From the data below, return only the lines from the one with "尾山台中学校、尾山台小学校、" through the one with "Conmutador industrial AT-IE340-12GT-980", exact and inclusive, with pictures left out.
══ AVAILABLE DATA ══
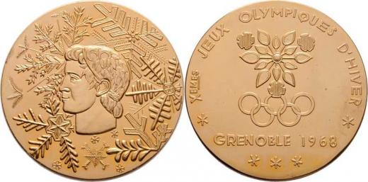 Grenoble 1968 (pozdější ražba) - X.zimní olympijské hry, Nesign., zlacený bronz 50 mm
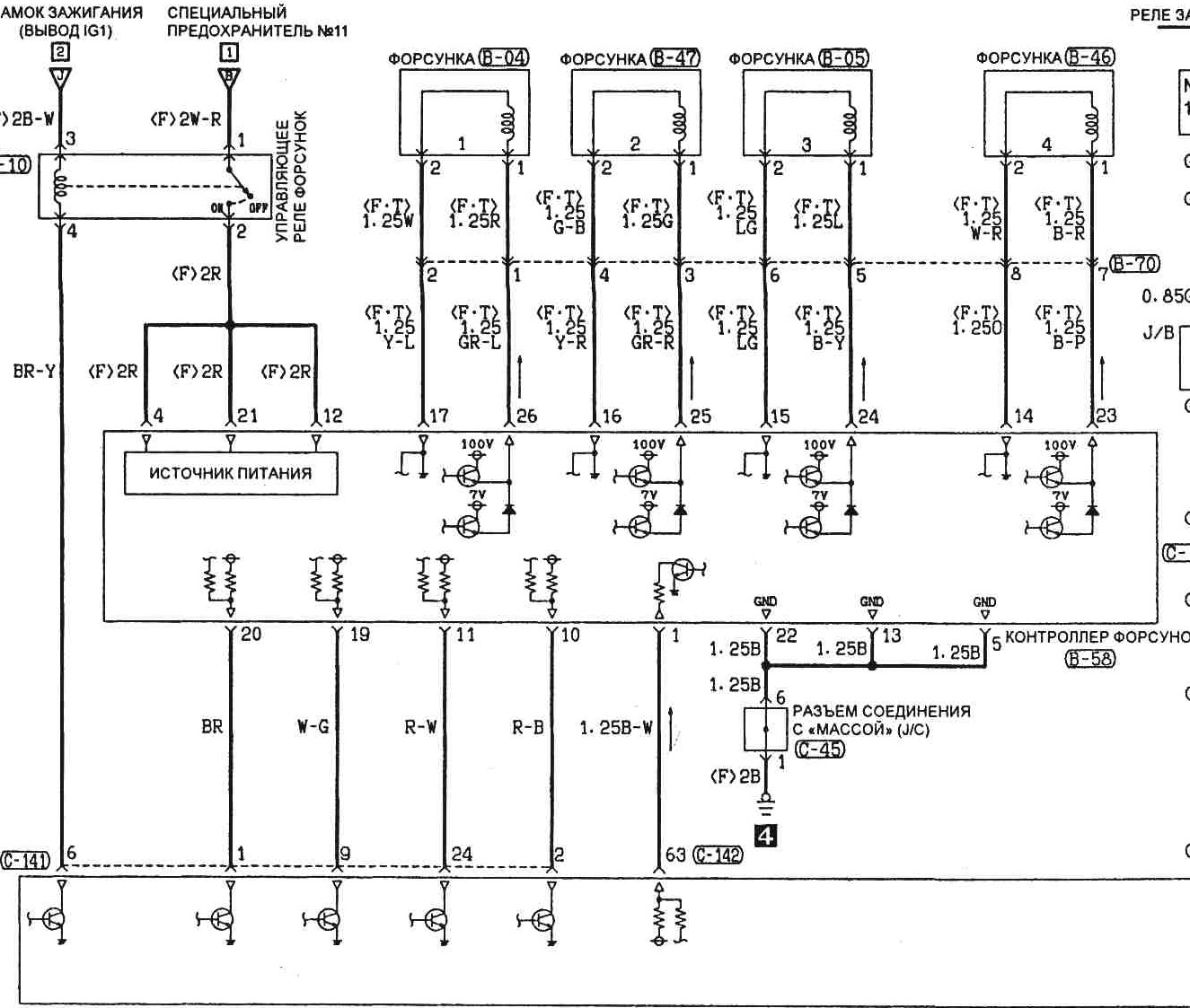 Peak and hold. В мозгах устанавливается не просто транзистор, а спешл драйвер. Драйвер умеет управлять напряжением на форсунке и контроллировать ток, протекающий через неё. Драйвер имеет цепь "вольт-добавки" и в момент включения форсунки выдает напряжение выше бортовой сети 24-48 вольт, стараясь этим закачать в форсунку как можно больше тока, чтобы форсунка открылась как можно быстрее. Это и есть "Peek". По мере роста тока, протекающего через форсунку, драйвер снижает напряжение. Когда форсунка открылась и ток стабилизировался, драйвер удерживает небольшое напряжение, обеспечивая минимально необходимый ток требуемый для форсунки, чтобы она не закрылась. Это и есть "Hold". В момент закрытия форсунки, некоторые драйверы могут подавать даже обратное напряжение для ускорения процесса закрытия форсунки. Для такой системы низкоомная обмотка уже не нужна и форсунка представляет из себя катушку намотанную тонким проводом с большим кол-ом обмоток.
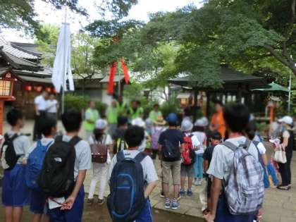 尾山台中学校、尾山台小学校、玉堤小学校の三校が翠と溪の学び舎の活動と夏の体験教室を兼ねてフィールドワークを行いました。玉堤からも3年生〜5年生のお友達が、尾山台小学校のお友達と一緒にグループを作り活動しました。
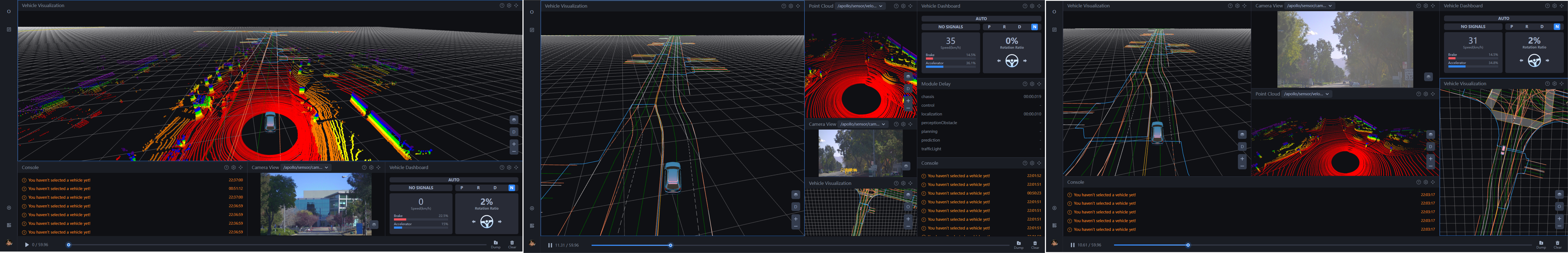 全新Dreamview+默认模式适合通用开发场景,具备所有模块与面板,开发者可以自主配置和调试,打造自己专属的开发流程。
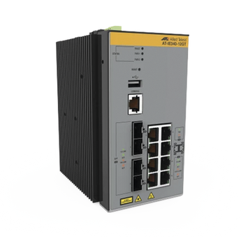 Conmutador industrial AT-IE340-12GT-980 Capa 3 8 puertos 10/100/1000T Poe+ 30W Sin ventilador Diseño robusto. Modelo IE340, tipo: conmutador de capa 3 Gigabit, temperatura de operación adecuada para entornos industriales, robusto ante vibraciones, con tiempo de recuperación de menos de 50 ms y tecnología PoE IEEE 802.3at. Incluye sistema operativo rico en funciones y gestión mediante Web GUI.
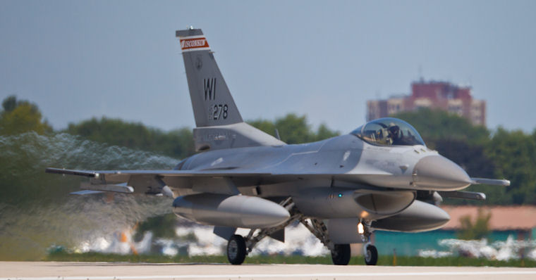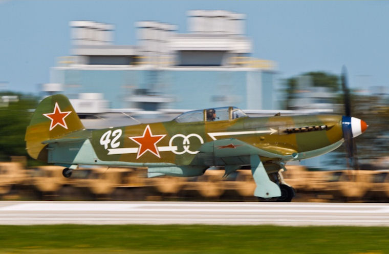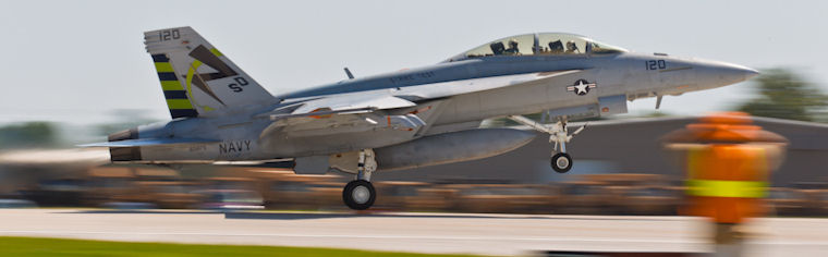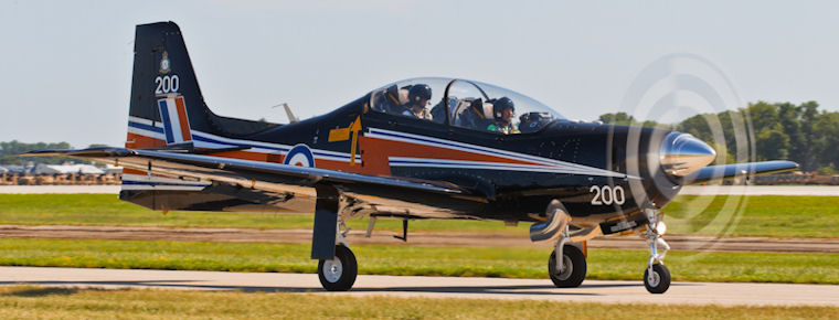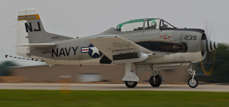 Those are probably the most important two words on this page. The more smoothly you pan, keeping the aeroplane in one place in the frame as it flies, instead of wobbling all over the place as you struggle to keep up with its motion, the more sharply it will be focused, the less camera shake there will be and the more deliberately your shot will be composed. Keeping up with a quick-moving subject by panning well is definitely the most important skill when it comes to shooting airplanes. The following picture was taken at Oshkosh 2011 and is an example of a panning shot at 1/125th; f13 with a Canon EF 400mm f4 DO IS USM and a Canon 1D MkIV.
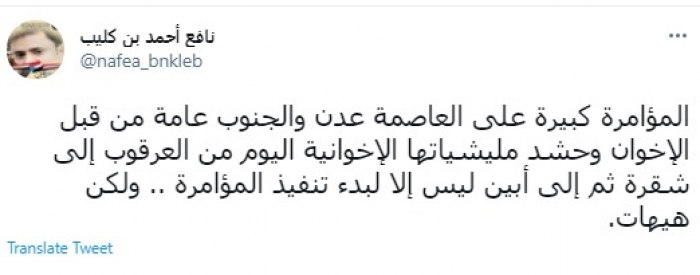 وقال في تغريدة عبر "تويتر" رصدها "المشهد العربي": "المؤامرة كبيرة على العاصمة عدن والجنوب عامة من قبل الإخوان".
═══
> [TASK ANSWER]:
 尾山台中学校、尾山台小学校、玉堤小学校の三校が翠と溪の学び舎の活動と夏の体験教室を兼ねてフィールドワークを行いました。玉堤からも3年生〜5年生のお友達が、尾山台小学校のお友達と一緒にグループを作り活動しました。
 全新Dreamview+默认模式适合通用开发场景,具备所有模块与面板,开发者可以自主配置和调试,打造自己专属的开发流程。
 Conmutador industrial AT-IE340-12GT-980 Capa 3 8 puertos 10/100/1000T Poe+ 30W Sin ventilador Diseño robusto. Modelo IE340, tipo: conmutador de capa 3 Gigabit, temperatura de operación adecuada para entornos industriales, robusto ante vibraciones, con tiempo de recuperación de menos de 50 ms y tecnología PoE IEEE 802.3at. Incluye sistema operativo rico en funciones y gestión mediante Web GUI.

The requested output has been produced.